Board member: Evidence wasn’t there to terminate Acker

By AMY JONES / Associate Editor

A member of the Shelby County Board of Education during a February 1993 Daniel M. Acker Jr. termination hearing said evidence presented at the time “did not support a termination” and that all five then-board members voted that Acker should keep his job as a fourth-grade teacher at Creek View Elementary School.

On Jan. 5, Alabaster police said Acker has admitted to sexually abusing at least 21 girls at various Alabaster schools over a 25-year period. The 1993 termination hearing came after allegations of child abuse were made against Acker.

Daniel Montague Acker Jr.

Steve Martin, who was on the school board in 1993 and today still serves on the board as vice president, said there were witnesses for and against Acker during the 1993 hearing, which went on “until the wee hours of the morning.”

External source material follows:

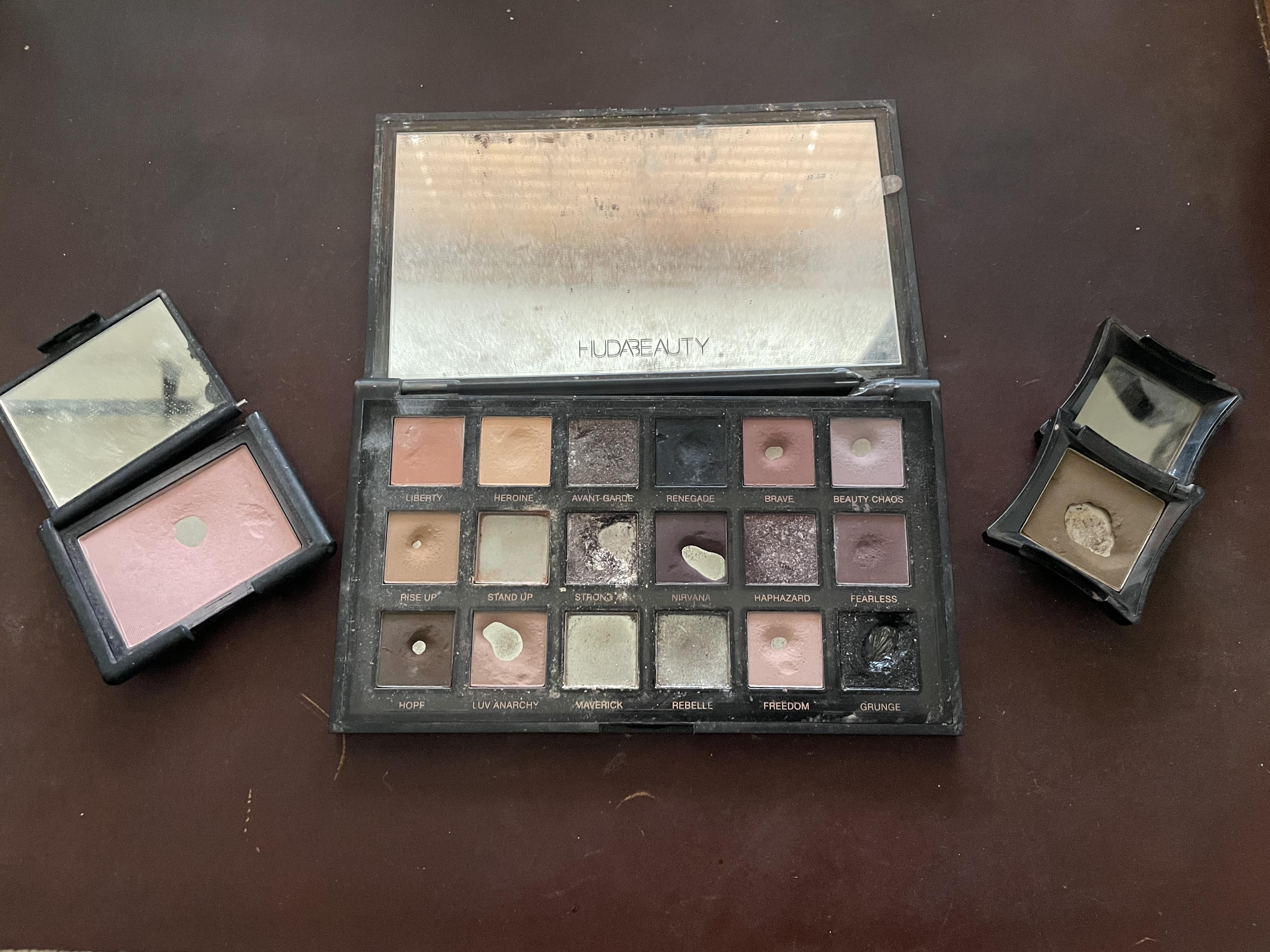 Nars blush in Impassioned, Huda Pretty Grunge palette, and Illamasqua brow cake in Thunder. All with broken hinges, and always the left one (though on the Nars the right one eventually fell off too) by gutterjelly

“The school board can’t sit there and say the employee committed a criminal offense. We don’t have any legal authority other than terminating or not terminating (a job),” Martin said. “The evidence did not support a termination, and that was based not on just one person, but on five board members.”

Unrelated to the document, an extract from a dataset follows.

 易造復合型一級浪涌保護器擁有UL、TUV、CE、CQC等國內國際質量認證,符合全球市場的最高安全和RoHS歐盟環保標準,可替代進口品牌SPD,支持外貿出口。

When specifically asked about an assertion by Montevallo resident Beverly Watson that Acker gave a test to the alleged victim’s class that contained a question about the color of the alleged victim’s underwear, Martin said there was no physical evidence presented during the 1993 termination hearing.

“The only allegations were verbal,” he said. “Again, this is 17 years ago, but to my knowledge and the best of my recollection, there was no physical evidence.”

In November 1992, the accusations against Acker were presented to a Shelby County grand jury, which did not indict him.

“A lot of people are talking about the school board. ‘Why didn’t they do this’ and ‘Why didn’t they do that,’” Martin said. “No one’s asking, ‘Why didn’t the grand jury return an indictment?’ Evidently there wasn’t enough evidence. He was never found guilty in a court.”

Martin said he was “shocked” when he heard of Acker’s confession.

Since Acker’s 1993 termination hearing, Martin said he has not heard of another complaint against Acker. He said that doesn’t mean complaints were not made, simply that those complaints never came to the board.

“There was never another complaint, to my knowledge. I’m not saying the press or the superintendent didn’t get another one,” he said. “(The board) doesn’t do day-to-day operations, and there was never another complaint reported to me.”

Even though Acker admitted to abusing more than 20 girls, Martin said there is no proof that the 1993 case is one of those cases.

“The question still remains if the incident actually happened. I’m not saying it didn’t,” Martin said. “But I haven’t heard anything from anybody that was actually involved in the hearing. I haven’t seen anything where the child or the family members came forward. There’s still no proof that that particular case was actually one of the cases.”

At the time of Acker’s 1993 termination hearing, the school board was comprised of Martin, Lee Doebler, Donna Morris, Cindy Forrester and Susan Bagley.

Doebler is still on the Shelby County Board of Education. He currently serves as the board’s president. He did not immediately respond to calls seeking comment.